● **Aim of the exercise**:
Please, without the pictures, retype exactly the lines from the start of the material through the line that holds "Challenge | Barrel".

╭─ Source information

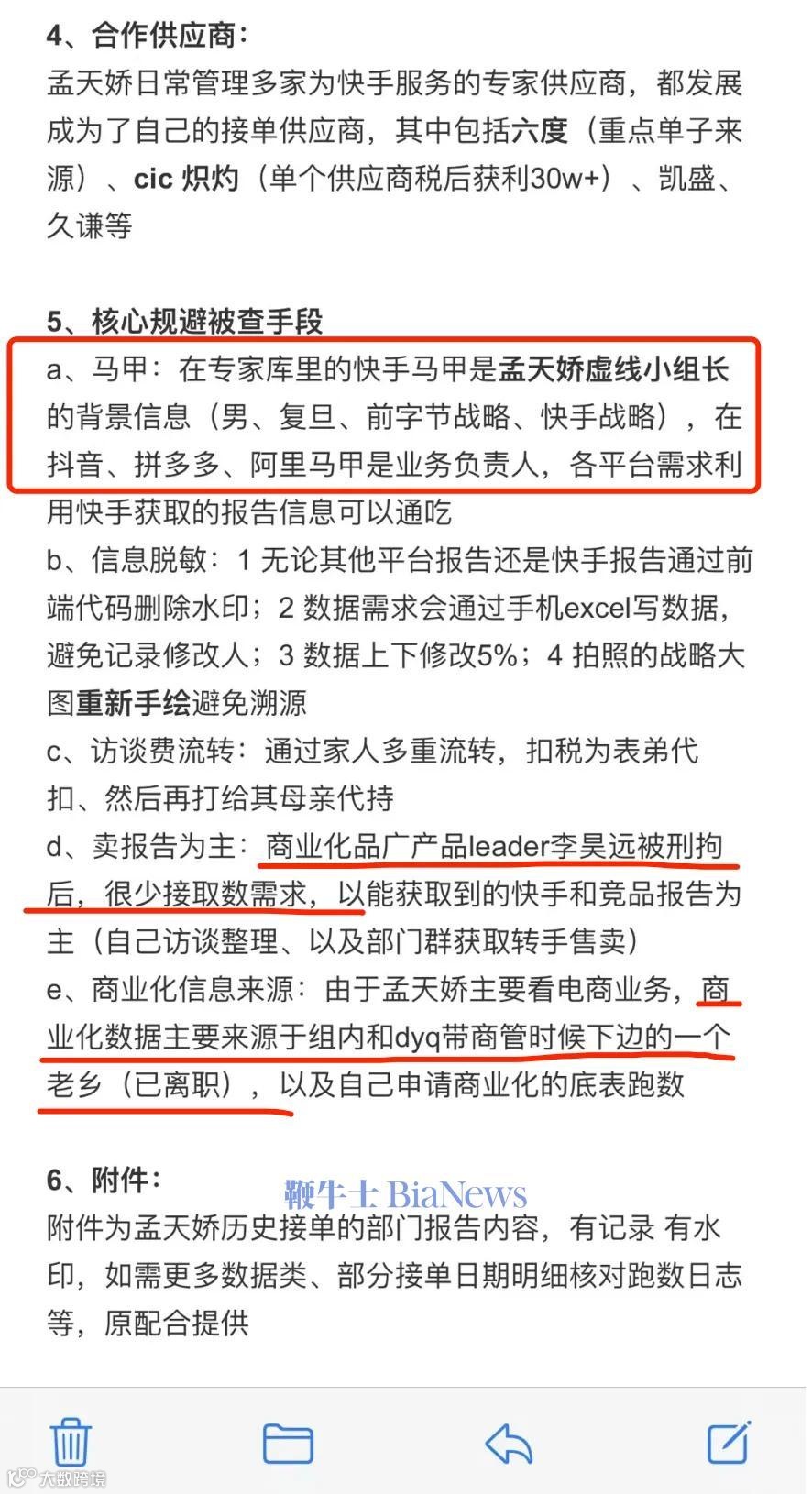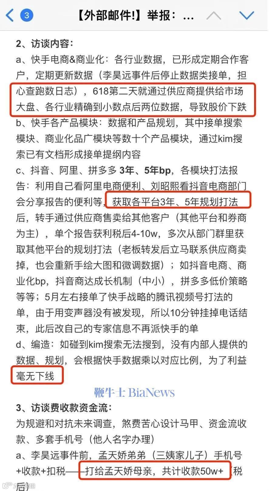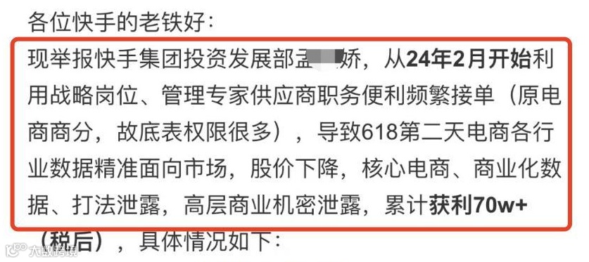 据举报信中的信息,泄密员工为孟女士,在快手集团投资发展部任职。自2024年2月起,她开始利用战略岗位、管理专家供应商职务便利频繁接单,导致618第二天电商各行业数据精准面向市场。
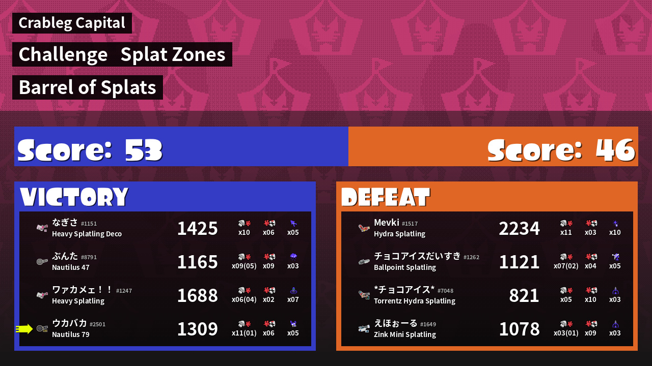 Challenge | Barrel of Splats Muster as much firepower as you can<br />in this battle of the splatlings! | ||
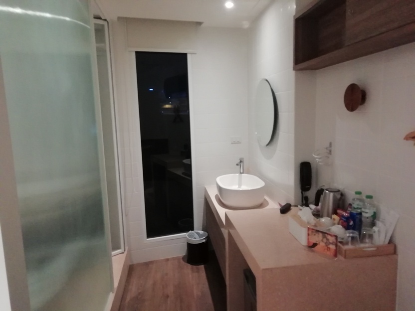 シャワーのお湯の出もよかったですが、バスタブはあるものの台湾のホテルなので、シャワーカーテンがなく、立ったままシャワーを浴びると浴室が水浸しになります。
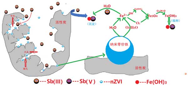 活性炭相對(duì)于納米級(jí)零價(jià)鐵來(lái)說(shuō)吸附銻的效果差很多,但是由于其在多孔結(jié)構(gòu)和機(jī)械強(qiáng)度方面的特性,活性炭可用作支撐材料;钚蕴枯d入納米級(jí)零價(jià)鐵來(lái)進(jìn)行改性處理,可以用于滲透性反應(yīng)屏障,以攔截受污染地下水中的銻或添加到家用過(guò)濾器中以去除銻(III)。
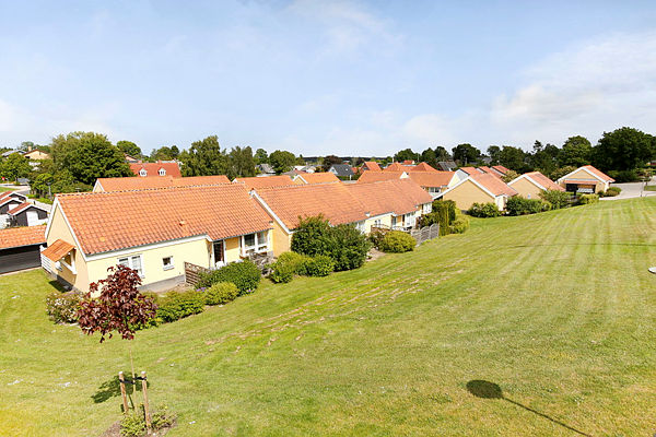 De gule rækkehuse er opført i mindre klynger, alle i ét plan, og har hver deres private ”kvarter” på Solbakken, men er samtidig forbundet med resten af bebyggelsen. Hvert rækkehus har en ugeneret baghave, der vender ud mod grønne fællesarealer. Til rækkehusene hører køle-/fryseskab, komfur og emhætte, og der er forberedt til installation af egen vaskemaskine. Der findes gode parkeringsmuligheder lige ved døren.

╰─

● **Output for this exercise**:
 据举报信中的信息,泄密员工为孟女士,在快手集团投资发展部任职。自2024年2月起,她开始利用战略岗位、管理专家供应商职务便利频繁接单,导致618第二天电商各行业数据精准面向市场。
 Challenge | Barrel of Splats Muster as much firepower as you can<br />in this battle of the splatlings! | ||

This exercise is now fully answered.